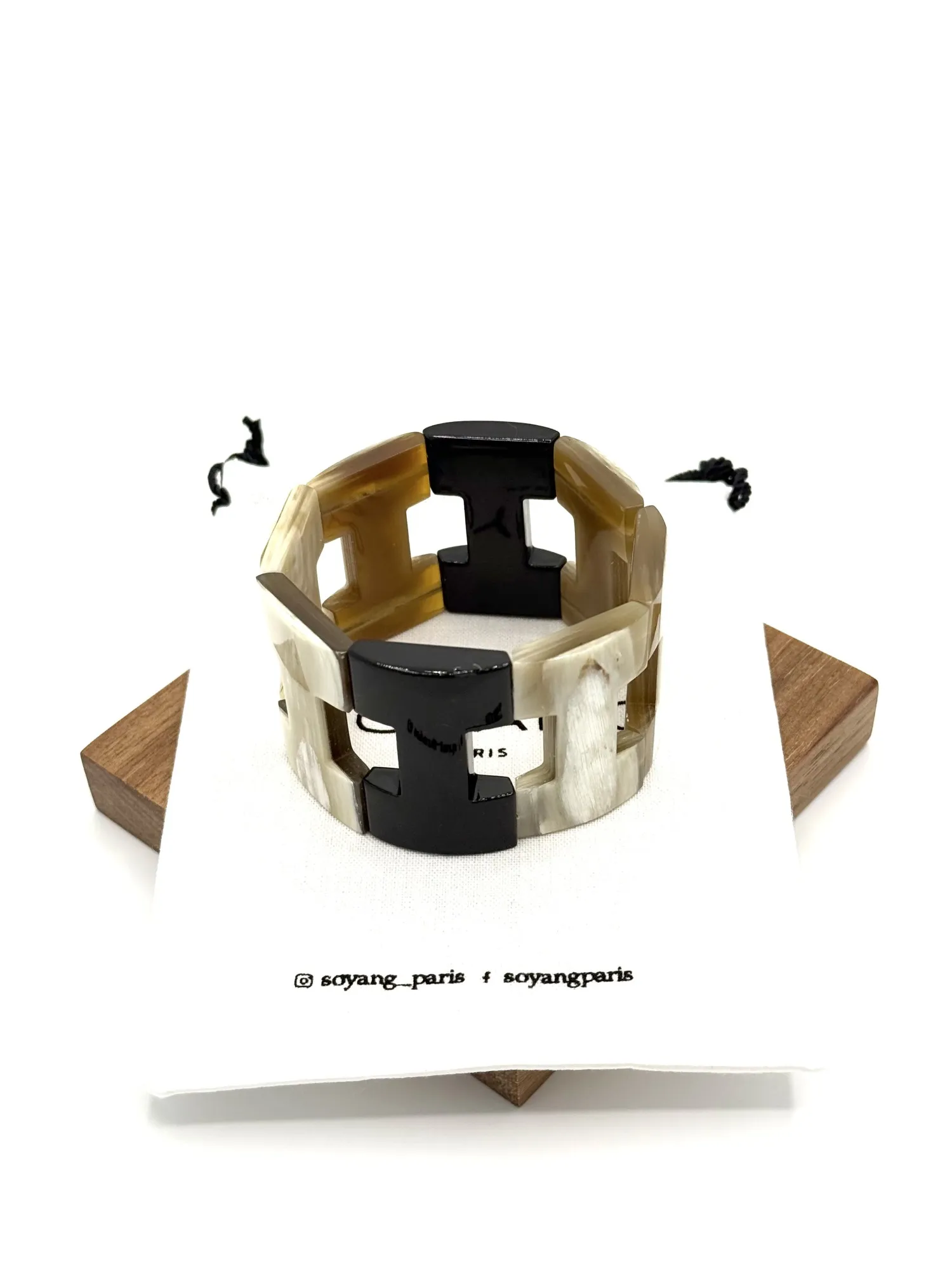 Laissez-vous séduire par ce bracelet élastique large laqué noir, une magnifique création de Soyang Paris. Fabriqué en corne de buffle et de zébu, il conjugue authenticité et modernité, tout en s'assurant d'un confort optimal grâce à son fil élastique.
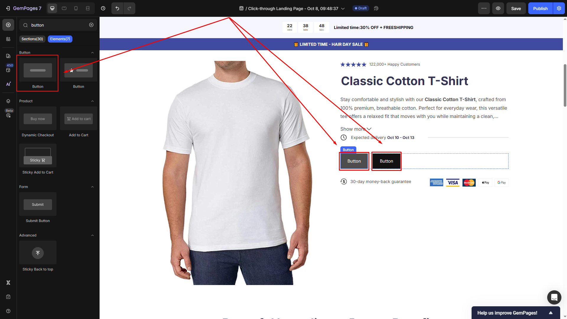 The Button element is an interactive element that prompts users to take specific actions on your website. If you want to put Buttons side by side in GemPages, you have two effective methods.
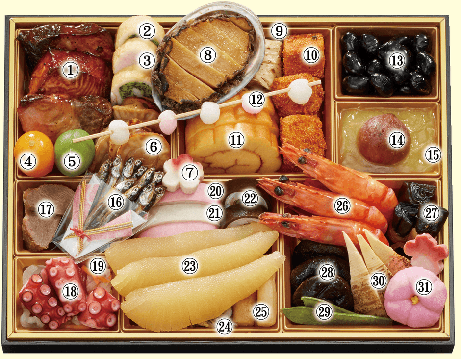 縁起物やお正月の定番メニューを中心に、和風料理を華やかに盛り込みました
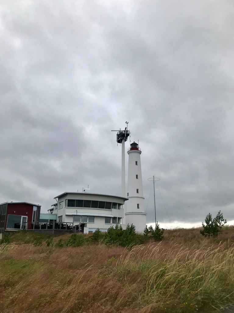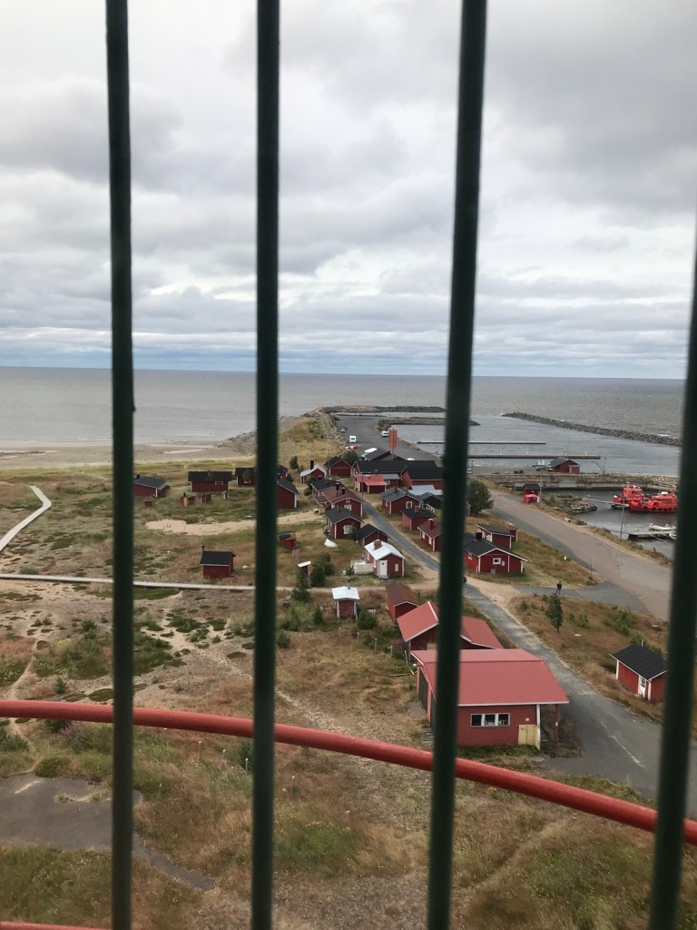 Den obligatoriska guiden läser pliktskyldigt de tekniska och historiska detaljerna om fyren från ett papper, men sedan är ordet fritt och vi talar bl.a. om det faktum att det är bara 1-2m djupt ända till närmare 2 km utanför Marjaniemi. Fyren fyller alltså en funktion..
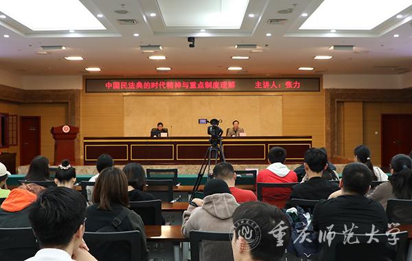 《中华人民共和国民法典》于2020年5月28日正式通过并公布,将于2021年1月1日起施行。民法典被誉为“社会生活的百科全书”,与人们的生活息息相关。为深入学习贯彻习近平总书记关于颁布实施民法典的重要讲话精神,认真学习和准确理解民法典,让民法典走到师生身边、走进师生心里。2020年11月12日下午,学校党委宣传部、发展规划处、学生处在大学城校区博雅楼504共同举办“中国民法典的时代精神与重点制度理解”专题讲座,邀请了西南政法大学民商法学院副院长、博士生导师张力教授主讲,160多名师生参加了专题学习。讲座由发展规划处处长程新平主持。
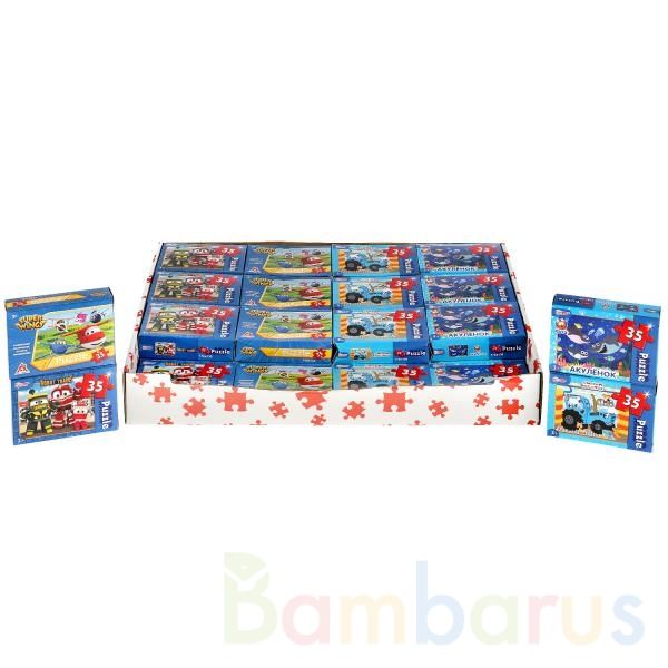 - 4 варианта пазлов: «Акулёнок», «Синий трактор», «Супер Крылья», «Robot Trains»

:::

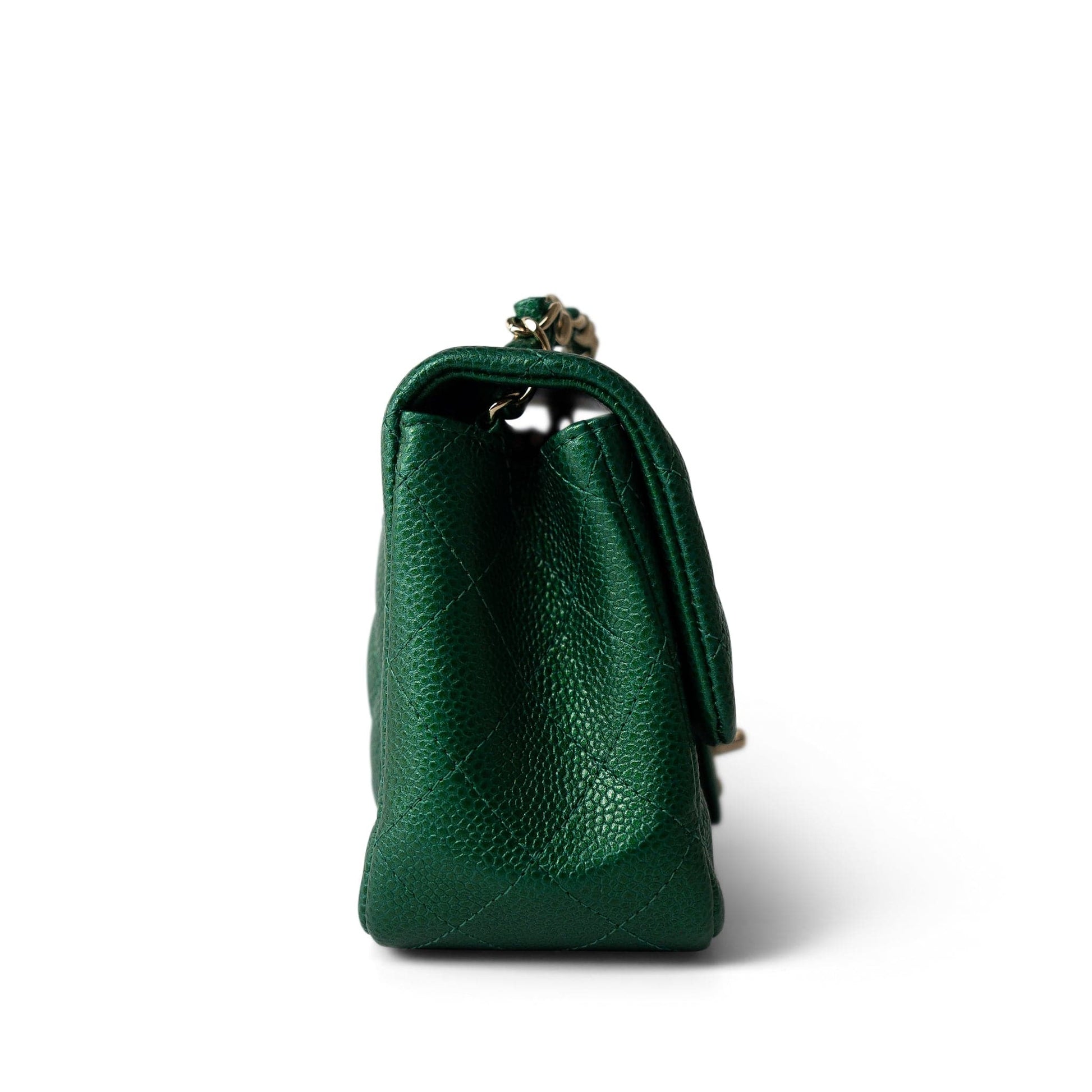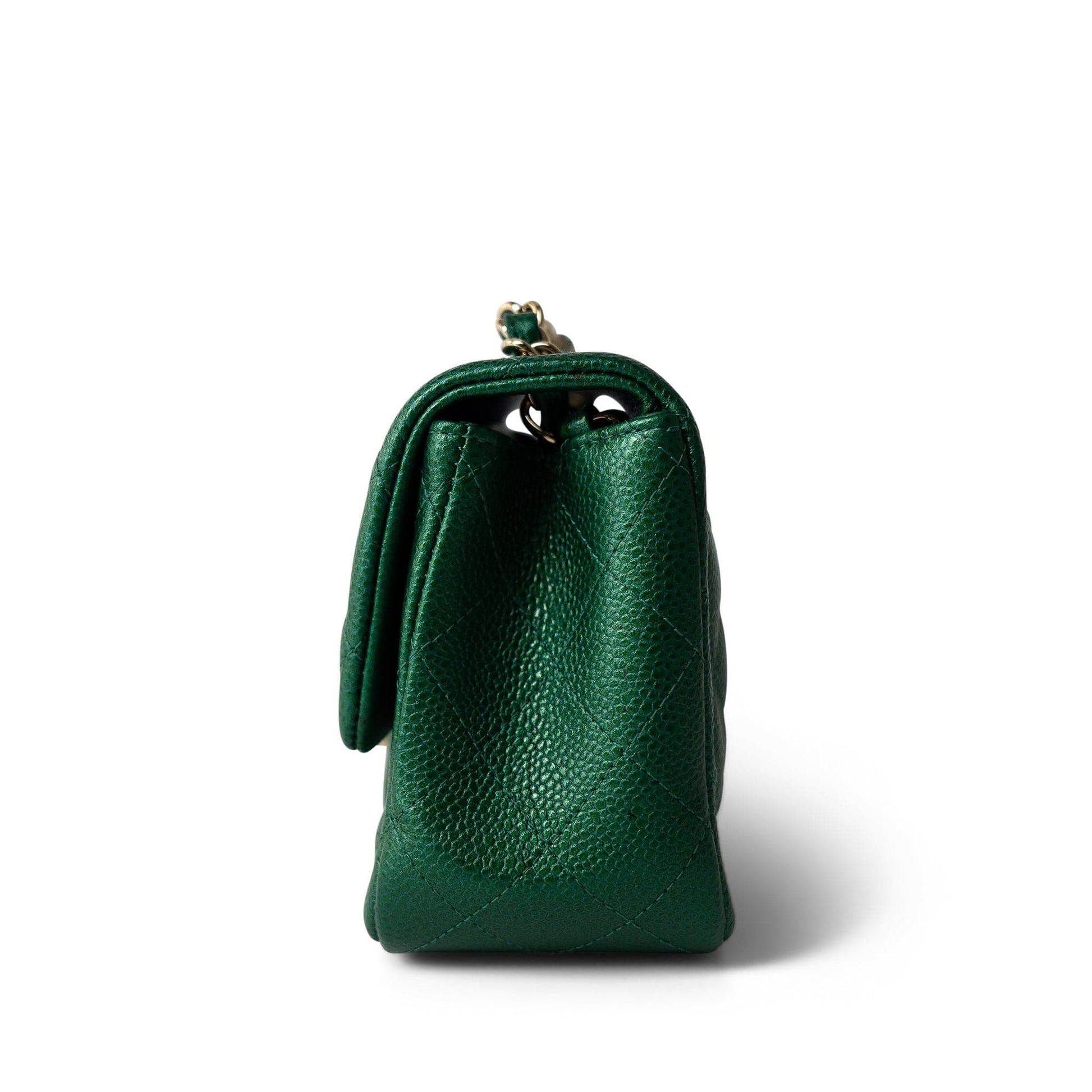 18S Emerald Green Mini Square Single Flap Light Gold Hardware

:::

Task instructions » Treat the line with "Laissez-vous séduire par" as the start and the line with "- 4 варианта" as the end, and return exactly that span of the data above, both ends included, without pictures.

Response »
 Laissez-vous séduire par ce bracelet élastique large laqué noir, une magnifique création de Soyang Paris. Fabriqué en corne de buffle et de zébu, il conjugue authenticité et modernité, tout en s'assurant d'un confort optimal grâce à son fil élastique.
 The Button element is an interactive element that prompts users to take specific actions on your website. If you want to put Buttons side by side in GemPages, you have two effective methods.
 縁起物やお正月の定番メニューを中心に、和風料理を華やかに盛り込みました
 Den obligatoriska guiden läser pliktskyldigt de tekniska och historiska detaljerna om fyren från ett papper, men sedan är ordet fritt och vi talar bl.a. om det faktum att det är bara 1-2m djupt ända till närmare 2 km utanför Marjaniemi. Fyren fyller alltså en funktion..
 《中华人民共和国民法典》于2020年5月28日正式通过并公布,将于2021年1月1日起施行。民法典被誉为“社会生活的百科全书”,与人们的生活息息相关。为深入学习贯彻习近平总书记关于颁布实施民法典的重要讲话精神,认真学习和准确理解民法典,让民法典走到师生身边、走进师生心里。2020年11月12日下午,学校党委宣传部、发展规划处、学生处在大学城校区博雅楼504共同举办“中国民法典的时代精神与重点制度理解”专题讲座,邀请了西南政法大学民商法学院副院长、博士生导师张力教授主讲,160多名师生参加了专题学习。讲座由发展规划处处长程新平主持。
 - 4 варианта пазлов: «Акулёнок», «Синий трактор», «Супер Крылья», «Robot Trains»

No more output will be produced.